THUS, THOSE WHO INVOKE "SECULAR" TYRANNY in contrast to religion are hoping that we will forget two things: the connection between the Christian churches and fascism, and the capitulation of the churches to National Socialism. This is not just my assertion: it has been admitted by the religious authorities themselves. Their poor conscience on the point is illustrated by a piece of bad faith that one still has to combat. On religious Web sites and in religious propaganda, you may come across a statement purportedly made by Albert Einstein in 1940: Being a lover of freedom, when the revolution came to Germany, I looked to the universities to defend it, knowing that they had always boasted of their devotion to the cause of truth; but, no, the universities immediately were silenced. Then I looked to the great editors of the newspapers whose flaming editorials in days gone by had proclaimed their love of freedom; but they, like the universities were silenced in a few short weeks.... Only the Church stood squarely across the path of Hitler's campaign for suppressing truth. I never had any special interest in the Church before, but now I feel a great affection and admiration because the Church alone has had the courage and persistence to stand for intellectual truth and moral freedom. I am forced thus to confess that what I once despised I now praise unreservedly.

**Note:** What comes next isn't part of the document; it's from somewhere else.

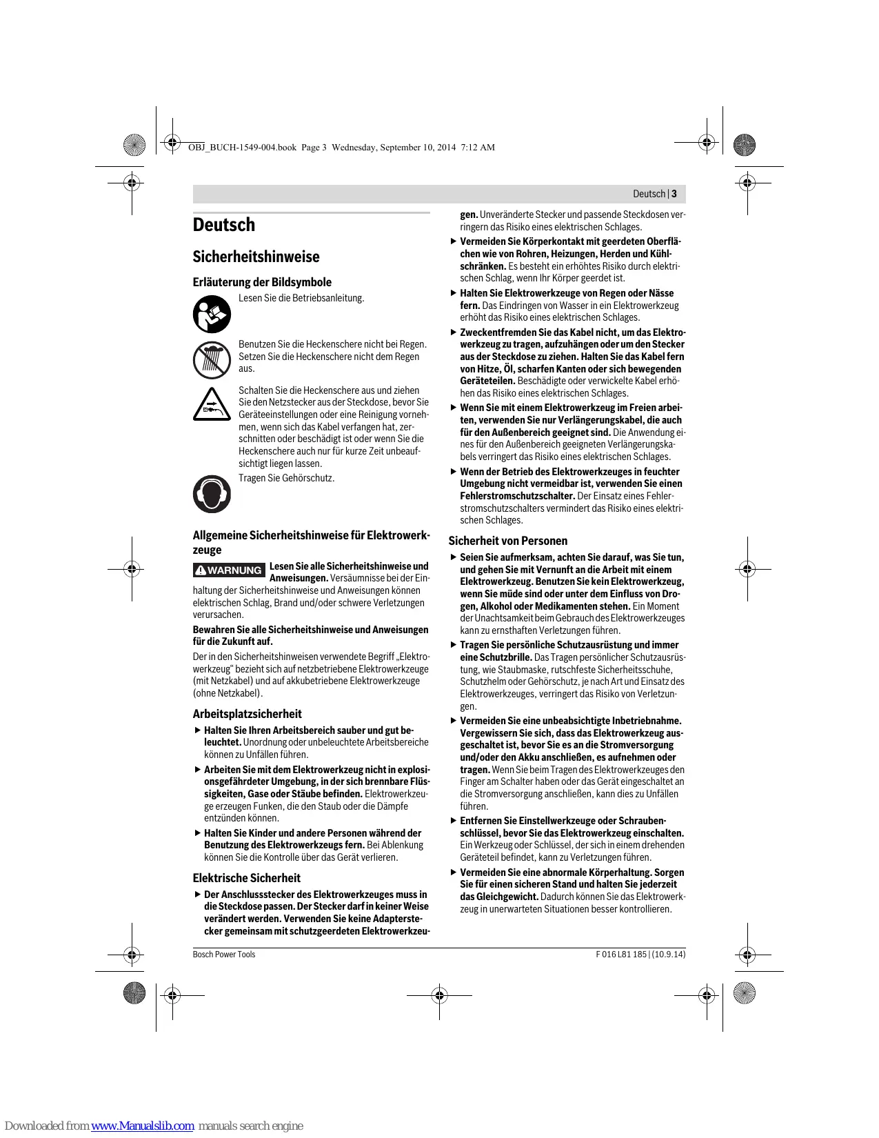 Magyar . . . . . . . . . . . . . . . . . . . . . . . . . . . . . . . . . . . . . . . . . . Oldal 103 Русский . . . . . . . . . . . . . . . . . . . . . . . . . . . . . . . . . . . . . Страница 110 Українська. . . . . . . . . . . . . . . . . . . . . . . . . . . . . . . . . . . Сторінка 118 Қазақша. . . . . . . . . . . . . . . . . . . . . . . . . . . . . . . . . . . . . . . . . . .Бет 125 Română . . . . . . . . . . . . . . . . . . . . . . . . . . . . . . . . . . . . . . . .Pagina 133 Български . . . . . . . . . . . . . . . . . . . . . . . . . . . . . . . . . . . Страница 139 Македонски . . . . . . . . . . . . . . . . . . . . . . . . . . . . . . . . . . . Страна 146 Srpski. . . . . . . . . . . . . . . . . . . . . . . . . . . . . . . . . . . . . . . . . . Strana 153 Slovensko . . . . . . . . . . . . . . . . . . . . . . . . . . . . . . . . . . . . . . . Stran 159 Hrvatski . . . . . . . . . . . . . . . . . . . . . . . . . . . . . . . . . . . . . . Stranica 165 Eesti . . . . . . . . . . . . . . . . . . . . . . . . . . . . . . . . . . . . . . . . . Lehekülg 171 Latviešu . . . . . . . . . . . . . . . . . . . . . . . . . . . . . . . . . . . . . . Lappuse 177 Lietuviškai . . . . . . . . . . . . . . . . . . . . . . . . . . . . . . . . . . . . Puslapis 183 F 016 L81 185 | (10.9.14) Downloaded from www.Manualslib.com manuals search engine Bosch Power Tools OBJ_BUCH-1549-004.book Page 3 Wednesday, September 10, 2014 7:12 AM Deutsch | 3 Deutsch Sicherheitshinweise Erläuterung der Bildsymbole Lesen Sie die Betriebsanleitung. Benutzen Sie die Heckenschere nicht bei Regen. Setzen Sie die Heckenschere nicht dem Regen aus. Schalten Sie die Heckenschere aus und ziehen Sie den Netzstecker aus der Steckdose, bevor Sie Geräteeinstellungen oder eine Reinigung vornehmen, wenn sich das Kabel verfangen hat, zerschnitten oder beschädigt ist oder wenn Sie die Heckenschere auch nur für kurze Zeit unbeaufsichtigt liegen lassen. Tragen Sie Gehörschutz. Allgemeine Sicherheitshinweise für Elektrowerkzeuge WARNUNG Lesen Sie alle Sicherheitshinweise und Anweisungen. Versäumnisse bei der Einhaltung der Sicherheitshinweise und Anweisungen können elektrischen Schlag, Brand und/oder schwere Verletzungen verursachen. Bewahren Sie alle Sicherheitshinweise und Anweisungen für die Zukunft auf. Der in den Sicherheitshinweisen verwendete Begriff „Elektrowerkzeug“ bezieht sich auf netzbetriebene Elektrowerkzeuge (mit Netzkabel) und auf akkubetriebene Elektrowerkzeuge (ohne Netzkabel). Arbeitsplatzsicherheit Halten Sie Ihren Arbeitsbereich sauber und gut beleuchtet. Unordnung oder unbeleuchtete Arbeitsbereiche können zu Unfällen führen. Arbeiten Sie mit dem Elektrowerkzeug nicht in explosionsgefährdeter Umgebung, in der sich brennbare Flüssigkeiten, Gase oder Stäube befinden. Elektrowerkzeuge erzeugen Funken, die den Staub oder die Dämpfe entzünden können. Halten Sie Kinder und andere Personen während der Benutzung des Elektrowerkzeugs fern. Bei Ablenkung können Sie die Kontrolle über das Gerät verlieren. Elektrische Sicherheit Der Anschlussstecker des Elektrowerkzeuges muss in die Steckdose passen. Der Stecker darf in keiner Weise verändert werden. Verwenden Sie keine Adapterstecker gemeinsam mit schutzgeerdeten ElektrowerkzeuBosch Power Tools Downloaded from www.Manualslib.com manuals search engine gen. Unveränderte Stecker und passende Steckdosen verringern das Risiko eines elektrischen Schlages. Vermeiden Sie Körperkontakt mit geerdeten Oberflächen wie von Rohren, Heizungen, Herden und Kühlschränken. Es besteht ein erhöhtes Risiko durch elektrischen Schlag, wenn Ihr Körper geerdet ist. Halten Sie Elektrowerkzeuge von Regen oder Nässe fern. Das Eindringen von Wasser in ein Elektrowerkzeug erhöht das Risiko eines elektrischen Schlages. Zweckentfremden Sie das Kabel nicht, um das Elektrowerkzeug zu tragen, aufzuhängen oder um den Stecker aus der Steckdose zu ziehen. Halten Sie das Kabel fern von Hitze, Öl, scharfen Kanten oder sich bewegenden Geräteteilen. Beschädigte oder verwickelte Kabel erhöhen das Risiko eines elektrischen Schlages. Wenn Sie mit einem Elektrowerkzeug im Freien arbeiten, verwenden Sie nur Verlängerungskabel, die auch für den Außenbereich geeignet sind. Die Anwendung eines für den Außenbereich geeigneten Verlängerungskabels verringert das Risiko eines elektrischen Schlages. Wenn der Betrieb des Elektrowerkzeuges in feuchter Umgebung nicht vermeidbar ist, verwenden Sie einen Fehlerstromschutzschalter. Der Einsatz eines Fehlerstromschutzschalters vermindert das Risiko eines elektrischen Schlages. Sicherheit von Personen Seien Sie aufmerksam, achten Sie darauf, was Sie tun, und gehen Sie mit Vernunft an die Arbeit mit einem Elektrowerkzeug. Benutzen Sie kein Elektrowerkzeug, wenn Sie müde sind oder unter dem Einfluss von Drogen, Alkohol oder Medikamenten stehen. Ein Moment der Unachtsamkeit beim Gebrauch des Elektrowerkzeuges kann zu ernsthaften Verletzungen führen. Tragen Sie persönliche Schutzausrüstung und immer eine Schutzbrille. Das Tragen persönlicher Schutzausrüstung, wie Staubmaske, rutschfeste Sicherheitsschuhe, Schutzhelm oder Gehörschutz, je nach Art und Einsatz des Elektrowerkzeuges, verringert das Risiko von Verletzungen. Vermeiden Sie eine unbeabsichtigte Inbetriebnahme. Vergewissern Sie sich, dass das Elektrowerkzeug ausgeschaltet ist, bevor Sie es an die Stromversorgung und/oder den Akku anschließen, es aufnehmen oder tragen. Wenn Sie beim Tragen des Elektrowerkzeuges den Finger am Schalter haben oder das Gerät eingeschaltet an die Stromversorgung anschließen, kann dies zu Unfällen führen. Entfernen Sie Einstellwerkzeuge oder Schraubenschlüssel, bevor Sie das Elektrowerkzeug einschalten. Ein Werkzeug oder Schlüssel, der sich in einem drehenden Geräteteil befindet, kann zu Verletzungen führen. Vermeiden Sie eine abnormale Körperhaltung. Sorgen Sie für einen sich

Originally printed in Time magazine (without any verifiable attribution), this supposed statement was once cited in a national broadcast by the famous American Catholic spokesman and cleric Fulton Sheen, and remains in circulation. As the analyst William Waterhouse has pointed out, it does not sound like Einstein at all. Its rhetoric is too florid, for one thing. It makes no mention of the persecution of the Jews. And it makes the cool and careful Einstein look silly, in that he claims to have once "despised" something in which he also "never had any special interest." There is another difficulty, in that the statement never appears in any anthology of Einstein's written or spoken remarks. Eventually, Waterhouse was able to find an unpublished letter in the Einstein Archives in Jerusalem, in which the old man in 1947 complained of having once made a remark praising some German "churchmen" {not "churches") which had since been exaggerated beyond all recognition.

Anyone wanting to know what Einstein did say in the early days of Hitler's barbarism can easily look him up. For example: I hope that healthy conditions will soon supervene in Germany and that in future her great men like Kant and Goethe will not merely be commemorated from time to time but that the principles which they taught will also prevail in public life and in the general consciousness.

It is quite clear from this that he put his "faith," as always, in the Enlightenment tradition. Those who seek to misrepresent the man who gave us an alternative theory of the cosmos (as well as those who remained silent or worse while his fellow Jews were being deported and destroyed) betray the prickings of their bad consciences.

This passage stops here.